Four of Hawaii’s largest hospital systems — Hawaii Pacific Health, The Queen’s Health System, Kaiser Permanente and Adventist Health Castle — announced mandatory COVID-19 vaccination policies for their employees on Monday.

The decision came as the state reported 365 new cases and the seven-day positivity rate climbed to 6% Monday, largely due to the delta variant continuing to drive infections across the country.

According to the Hawaii Department of Health, nearly 570,000 Hawaii residents were vaccinated during the first quarter of the year, but that number dropped to 34,000 in the second quarter.

Registered Nurse from Kalihi Palama Health Center Alexis Lagasca gives Helmer Emos the Moderna COVID-19 vaccine at St. Elizabeth Church.
Alexis Lagasca, an RN at the Kalihi Palama Health Center, gives Helmer Emos the Moderna COVID-19 vaccine at St. Elizabeth Church. Cory Lum/Civil Beat

Officials have said most of the new cases are among unvaccinated people, prompting the hospitals and other organizations to offer incentives or impose requirements for employees to get the shots.

Hawaii Pacific Health Vice President Melinda Ashton said she believes that many unvaccinated employees were either on the fence or just hadn’t gotten around to it and would be swayed by the mandate.

“We’re going to help them get around to it,” she said. “We expect that our employees will respond appropriately to this announcement.”

The Healthcare Association of Hawaii, a nonprofit trade association representing more than 30,000 employees statewide, offered “overwhelming support” for mandatory vaccinations for health care workers, pending full FDA approval and assuming exemption accommodations apply.

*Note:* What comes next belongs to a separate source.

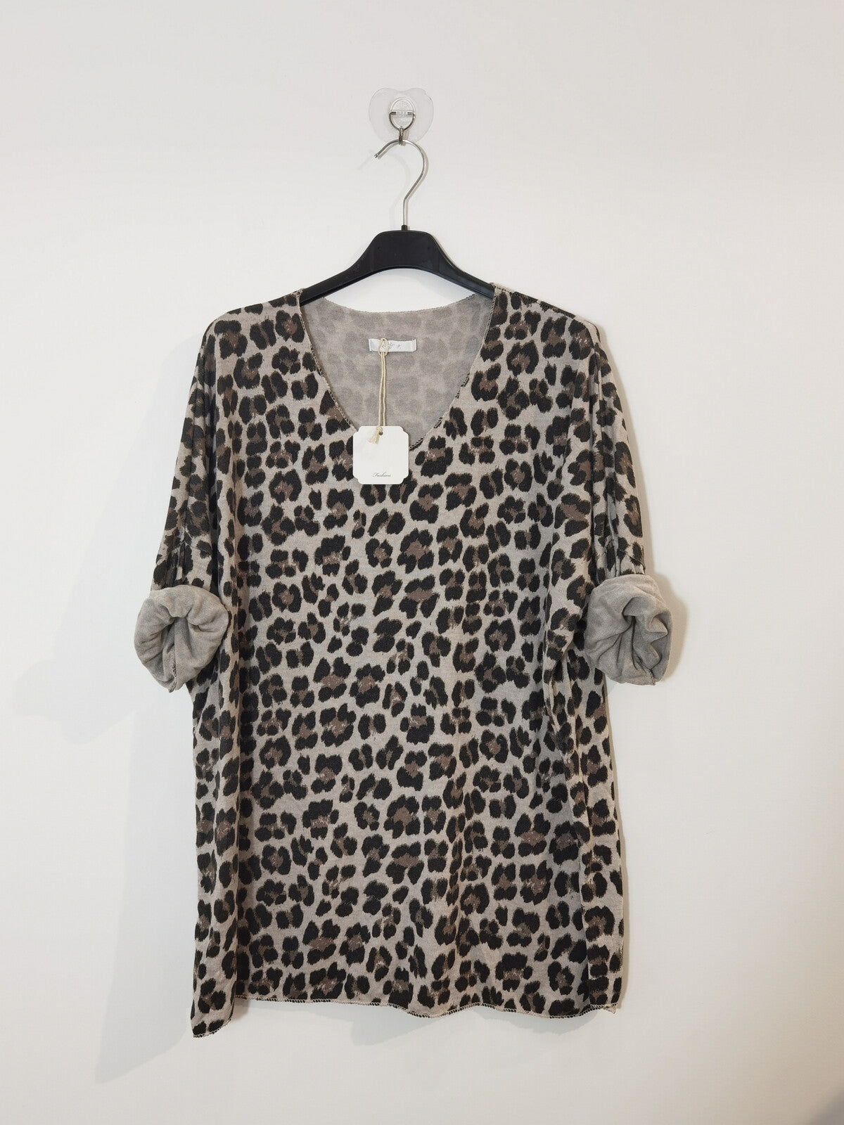 Leopardi kuvioinen pitkähihainen neulospaita.

While each hospital system’s policies differ, all are requiring vaccinations by the end of September or beginning of October.

The hospital systems’ representatives mentioned ramifications such as weekly testing or termination, but they did not disclose specific details. They also didn’t say if patients would be informed if their care provider is not vaccinated, although Queen’s Health System Senior Vice President Todd Allen said transparency is a high priority.

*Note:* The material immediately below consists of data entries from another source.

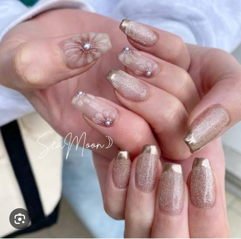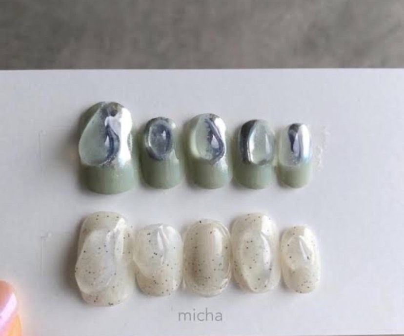 私なら、1.2枚目は粘土ジェル、3枚目はビジューアートジェル(固めのクリアなどでも)を使用します◎
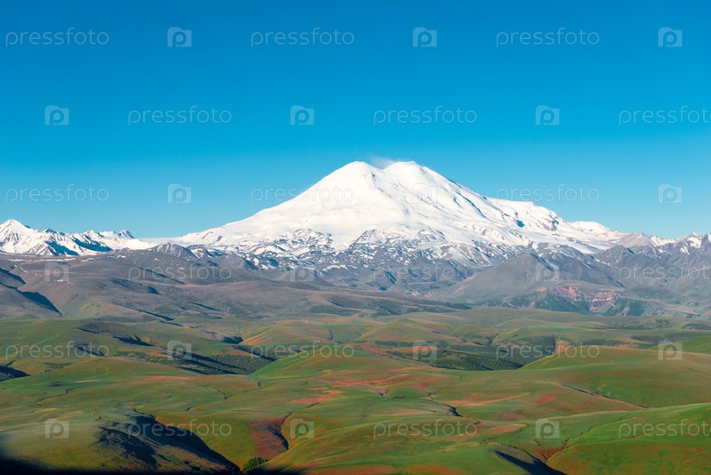 Живописный вид на белую вершину Эльбруса. Вид с плато Канжол
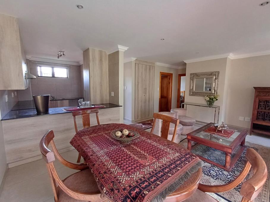 Open plan living dining area leading to a private patio overlooking manicured communal gardens

“Patients have a right to know,” Allen said. “We will also use the other tools in our toolbox for those who cannot get vaccinated, so that will include regular testing for the virus, and it will also include heavy adherence to PPE, masking and distancing.”

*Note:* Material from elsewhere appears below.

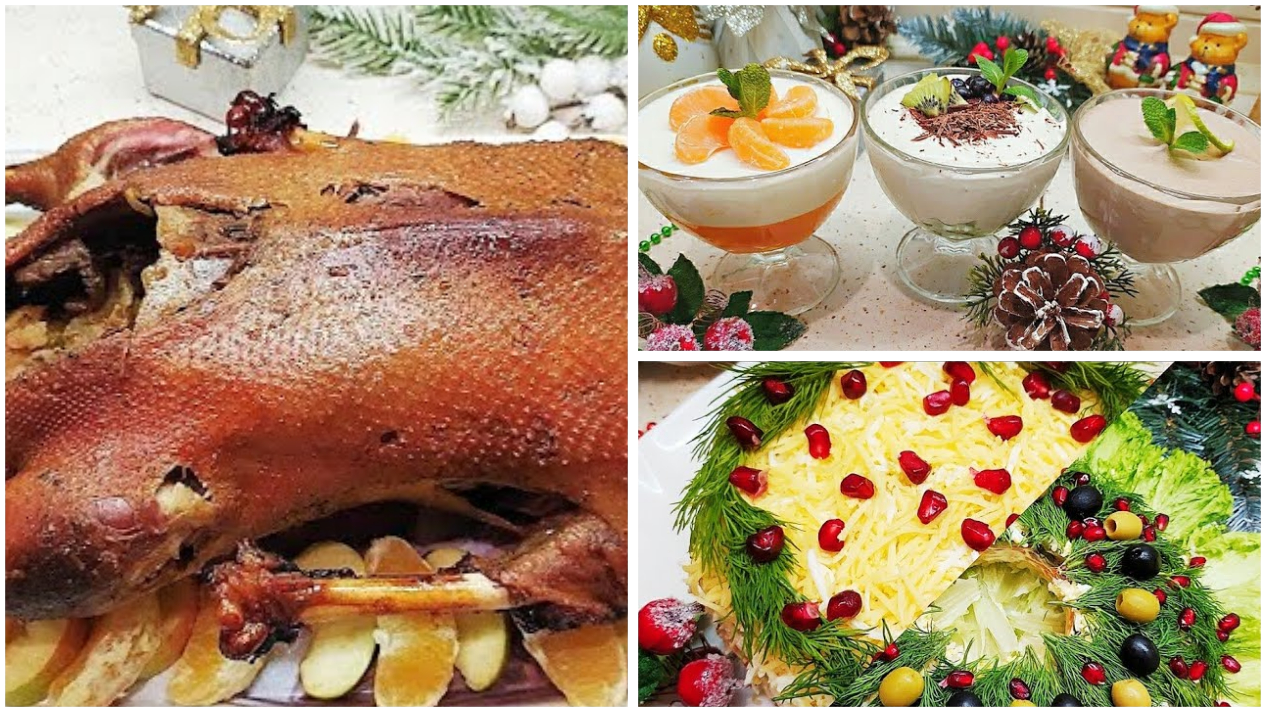 Салат-1: Картофель-3средних,Морковь-2средних,Телятина-300гр, Маринованные огурцы-4средних, Яйца-4шт, Майонез,Укроп-1пучок. Для украшения: Оливки,зерна граната. Салат2: Картофель-3шт, Морковь-2шт, Шампиньоны-200гр+луковица-1шт(обжариваем), Куриное филе-300гр, Огурцы маринованые-4шт, Яйца-3-4шт, Твердый сыр-100гр, Майонез, Укроп. Соль и перец по вкусу. ГУСЬ! Для маринада: Сок Апельсина, Соевый соус-100мл, Мёд-1ст.л, Корень имбиря -1ст.л. Соль ,Перец,Тимьян. 1-й десерт: Творог-300гр,Сметана-100гр,Сахар-по вкусу,Желатин15гр-развести в 50мл,воды, Ванильный сахар при желании,Какао порошок-2ч.л. 2-й десерт: Мандарины-450гр(сок с них),Сахар по вкусу, Желатин 15гр на 50мл воды. Для белого слоя: Сметана20%- 250гр, Сахар-1ст.л+ по вкусу,Желатин- 15гр на 50мл воды. 3-й десерт: Сливки 33% -200мл, Зефир-4шт.

The COVID-19 cases announced Monday included 222 on Oahu, 76 on the Big Island, 14 on Kauai, 44 on Maui and nine diagnosed out of state, according to the health department. That raised the state’s total to 43,227, with 537 deaths.

Hawaii Vaccination Rates as of Aug. 2. Screenshot: DOH Data Interactive

Lt. Gov. Josh Green said vaccine mandates are not the only tough calls on the horizon.

“It’s likely that restrictions will be on the size of gatherings,” Green said during an interview on the Honolulu Star-Advertiser’s “Spotlight” program. He noted that the Department of Health is likely to recommend that people go back to restricting gatherings to only 10 people.

“Most of the spread has been community spread,” he said, attributing 20% of community spread to returning unvaccinated residents who quarantine with their families instead of getting tested after traveling to COVID-19 hotspots.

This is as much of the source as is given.